**Data for processing**
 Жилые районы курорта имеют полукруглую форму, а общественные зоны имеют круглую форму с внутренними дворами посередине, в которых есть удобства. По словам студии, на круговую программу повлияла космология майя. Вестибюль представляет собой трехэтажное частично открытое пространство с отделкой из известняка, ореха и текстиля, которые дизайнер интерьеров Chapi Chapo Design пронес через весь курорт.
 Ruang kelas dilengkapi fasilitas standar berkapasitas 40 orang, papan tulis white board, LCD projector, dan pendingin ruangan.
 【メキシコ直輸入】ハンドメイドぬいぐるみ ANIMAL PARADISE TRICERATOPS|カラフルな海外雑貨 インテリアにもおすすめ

...

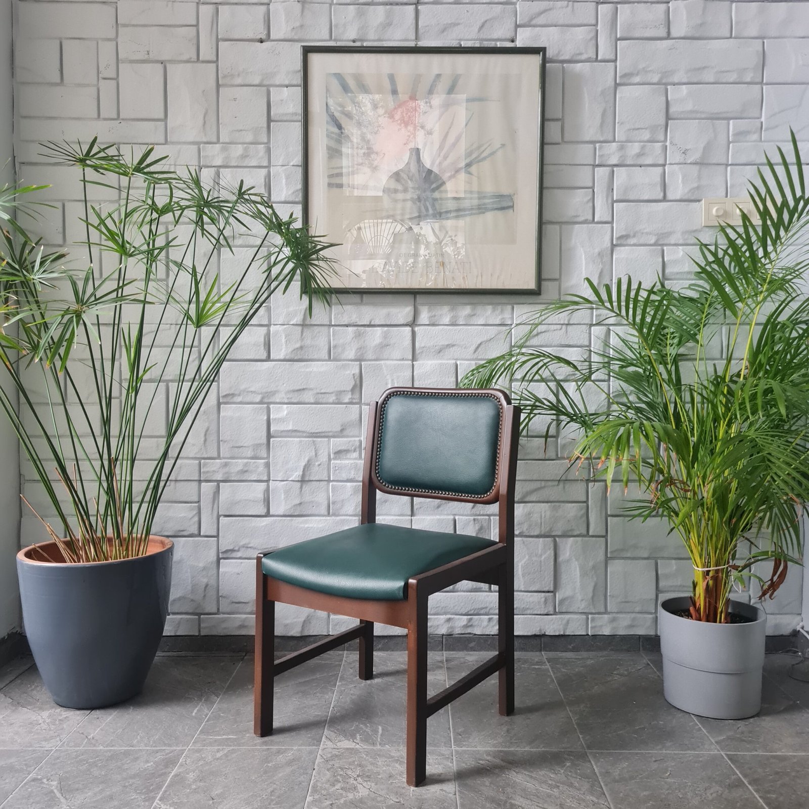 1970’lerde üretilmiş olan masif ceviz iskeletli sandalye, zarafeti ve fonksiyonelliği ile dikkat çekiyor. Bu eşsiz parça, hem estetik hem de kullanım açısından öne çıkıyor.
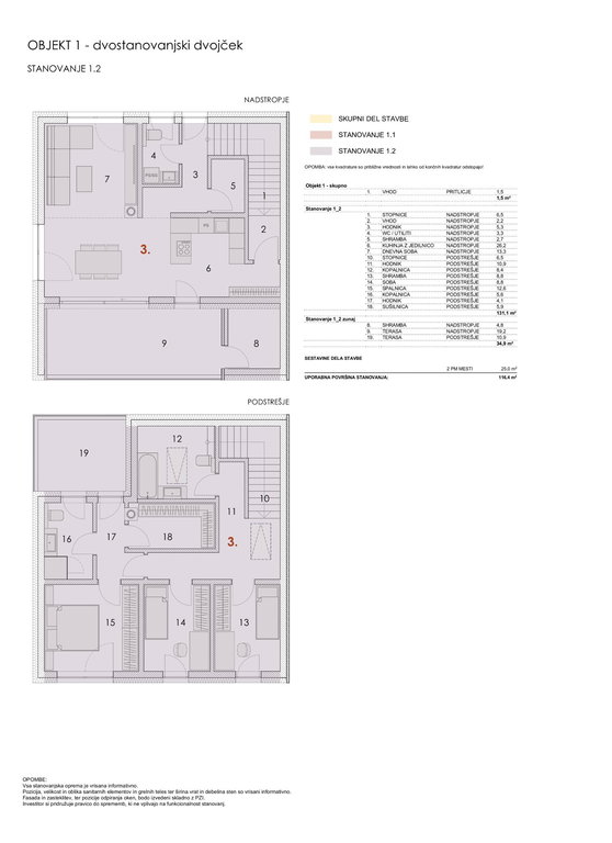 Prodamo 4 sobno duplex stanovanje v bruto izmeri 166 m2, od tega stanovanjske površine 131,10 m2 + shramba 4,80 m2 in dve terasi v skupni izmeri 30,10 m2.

---

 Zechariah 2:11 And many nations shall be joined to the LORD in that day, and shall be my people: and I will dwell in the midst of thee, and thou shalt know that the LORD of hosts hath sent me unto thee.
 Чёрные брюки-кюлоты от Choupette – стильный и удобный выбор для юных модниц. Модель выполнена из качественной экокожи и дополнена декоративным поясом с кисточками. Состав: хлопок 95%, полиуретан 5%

**What to produce**
Work from the entries above. Set down exactly and only the lines from the line with "1970’lerde üretilmiş olan" to the line with "Prodamo 4 sobno", both included, and leave the pictures out.

**Worked solution**
 1970’lerde üretilmiş olan masif ceviz iskeletli sandalye, zarafeti ve fonksiyonelliği ile dikkat çekiyor. Bu eşsiz parça, hem estetik hem de kullanım açısından öne çıkıyor.
 Prodamo 4 sobno duplex stanovanje v bruto izmeri 166 m2, od tega stanovanjske površine 131,10 m2 + shramba 4,80 m2 in dve terasi v skupni izmeri 30,10 m2.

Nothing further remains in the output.